(The problem) Leaving out each picture, transcribe the lines of the listing below exactly from the first through the line that contains "到达涠洲岛后,大家开始自由活".

(Information provided)
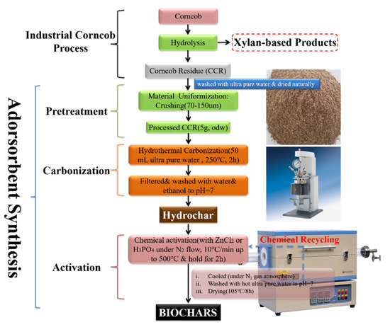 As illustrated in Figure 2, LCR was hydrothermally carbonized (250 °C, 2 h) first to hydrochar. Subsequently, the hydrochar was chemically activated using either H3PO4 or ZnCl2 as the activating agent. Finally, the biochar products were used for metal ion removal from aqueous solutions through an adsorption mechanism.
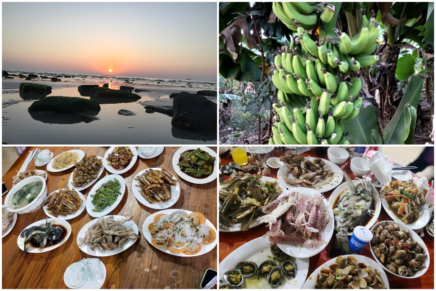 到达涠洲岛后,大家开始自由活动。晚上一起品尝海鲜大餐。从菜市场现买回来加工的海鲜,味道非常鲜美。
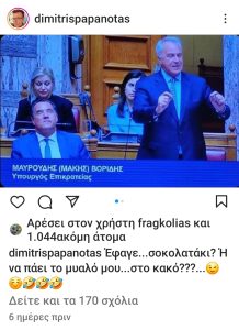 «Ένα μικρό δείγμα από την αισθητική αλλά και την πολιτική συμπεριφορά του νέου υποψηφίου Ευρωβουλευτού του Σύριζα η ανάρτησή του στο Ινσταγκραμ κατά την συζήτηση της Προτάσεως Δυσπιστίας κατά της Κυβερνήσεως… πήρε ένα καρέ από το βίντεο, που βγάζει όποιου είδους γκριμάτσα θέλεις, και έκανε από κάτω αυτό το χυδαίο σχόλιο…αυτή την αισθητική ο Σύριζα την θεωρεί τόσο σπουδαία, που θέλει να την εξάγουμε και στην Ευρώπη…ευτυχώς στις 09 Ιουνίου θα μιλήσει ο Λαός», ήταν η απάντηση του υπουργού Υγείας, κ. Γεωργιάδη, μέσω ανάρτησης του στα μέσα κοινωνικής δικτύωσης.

(Answer for the task)
 As illustrated in Figure 2, LCR was hydrothermally carbonized (250 °C, 2 h) first to hydrochar. Subsequently, the hydrochar was chemically activated using either H3PO4 or ZnCl2 as the activating agent. Finally, the biochar products were used for metal ion removal from aqueous solutions through an adsorption mechanism.
 到达涠洲岛后,大家开始自由活动。晚上一起品尝海鲜大餐。从菜市场现买回来加工的海鲜,味道非常鲜美。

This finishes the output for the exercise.